What Is Trauma Anesthesia?
Anesthesia for trauma patients is a treatment method for wounded patients. Applications include head trauma, oral and maxillofacial injuries, chest trauma, heart trauma, abdominal trauma, and burns.
Anesthesia for Trauma Patients
Right!
- Anesthesia for trauma patients is a treatment method for wounded patients. Applications include head trauma, oral and maxillofacial injuries, chest trauma, heart trauma, abdominal trauma, and burns.
- 1. You should understand the patient's injuries, the severity of the injury, whether to eat before the injury, and so on.
- 2. Anesthesia can be induced with thiopental sodium, diazepam (diazepam),
- 1. If intubation is estimated to be difficult, the intubation should be awake; if the patient is comatose and the teeth are tightly closed, intubation can be performed blindly through the nose, and tracheostomy is performed if necessary.
- 2. Immediately after intubation, clean the airway and maintain patency. Anesthesia should be performed according to general conditions.
- 3 Patients with severe trauma should wait for complete awake to avoid aspiration, and then remove the catheter or perform tracheotomy.
- 1. Patients with tension pneumothorax, a large amount of hemothorax and dyspnea should first perform closed drainage with oxygen under a mask.
- 2. If there is more blood flowing out of the trachea or there is a bronchial rupture, a double-lumen bronchial intubation should be performed. If the diagnosis cannot be confirmed temporarily, a single lumen tube can be inserted for effective suction to rescue suffocation and anti-shock therapy. It is safe to consciously intubate and retain spontaneous breathing under topical anesthesia.
- 3 For specific anesthesia methods, see Thoracic Anesthesia.
- Once the diagnosis is clear, the patient should be treated with a very shallow opioid compound and low-dose diazepam or etomidate to obscure the patient's consciousness, and then add a muscle relaxant to the trachea.

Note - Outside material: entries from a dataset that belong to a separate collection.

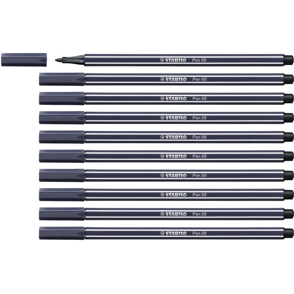 STABILO Pen 68 payne's Grey Pack of 10 - Premium Felt-tip Pen
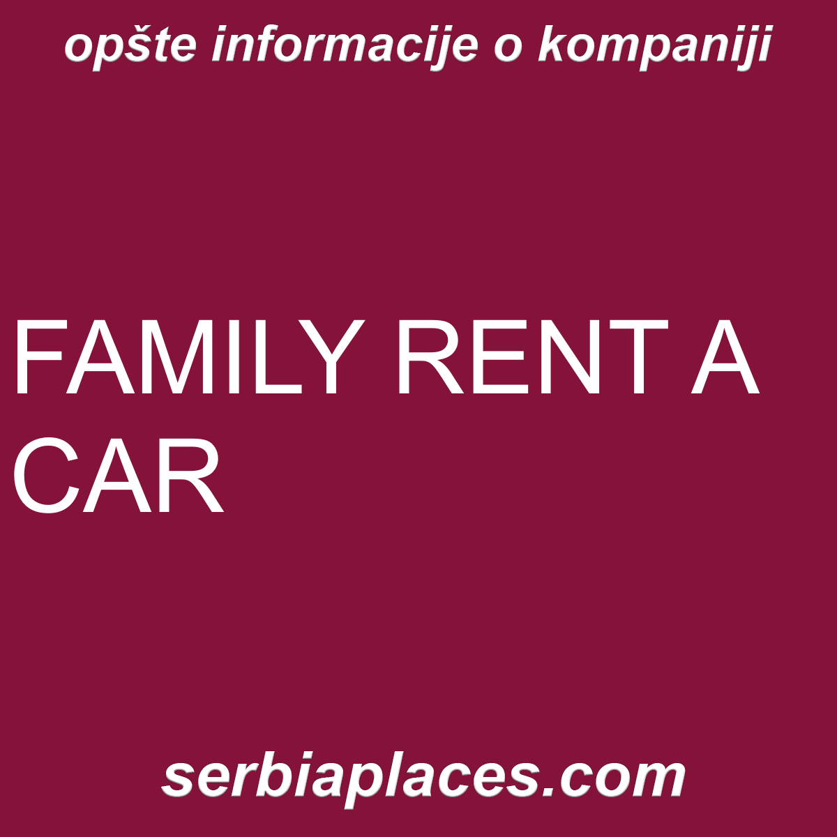 FAMILY RENT A CAR je srpska kompanija koja nudi iznajmljivanje automobila. Pruža kvalitetne usluge, povoljne cene i širok izbor vozila za sve potrebe putnika i porodica.
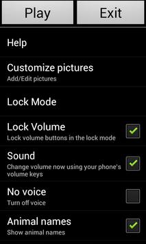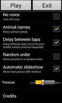 Parents can change numerous settings like random or sequential slide show, timeout between images, turning off animal names etc.
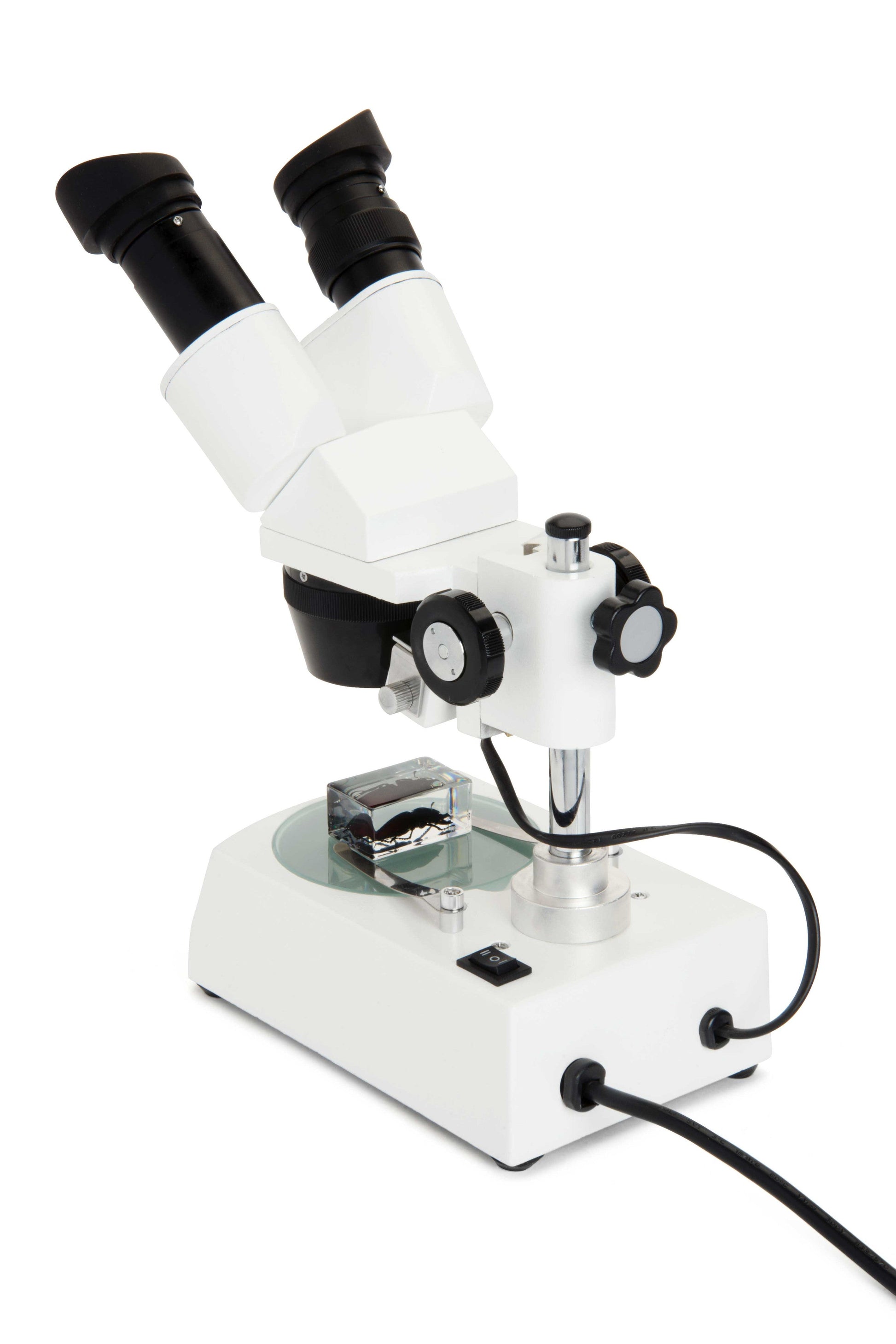 - Two stage plates included: (1) transparent stage for bottom illumination and (1) black and white stage plates for enhanced viewing

Blood transfusion should be fully prepared, and the volume balance should be actively adjusted after the bleeding is controlled.
- Abdominal trauma is mostly closed, often accompanied by shock, and should be performed as soon as possible when surgery is needed. If combined with shock, the anesthesia of shock patients should be treated.
- 1. The amount of infusion during shock should be estimated with reference to the relevant formula. For example: Evans formula, that is, the adult colloid fluid for infusion within the first 24 hours after burn is 1ml × body weight (kg) × burn area% (II degree or degree) and equal amount of balanced salt solution and 2000ml of 5% glucose. The second 24h infusion of colloidal liquid and crystal liquid is 1/2 of the first 24h plus 2000ml of 5% glucose solution. Urine volume was maintained at about 1 ml / (h · kg).
- 2. Nerve block can be used for upper limb burns, epidural block can be used for lower limb burns, intravenous general anesthesia should be used for other parts, ketamine, neuroleptic analgesics or sodium oxybutyrate can be used.
- 3 Tracheotomy should be performed early in patients with upper respiratory tract obstruction.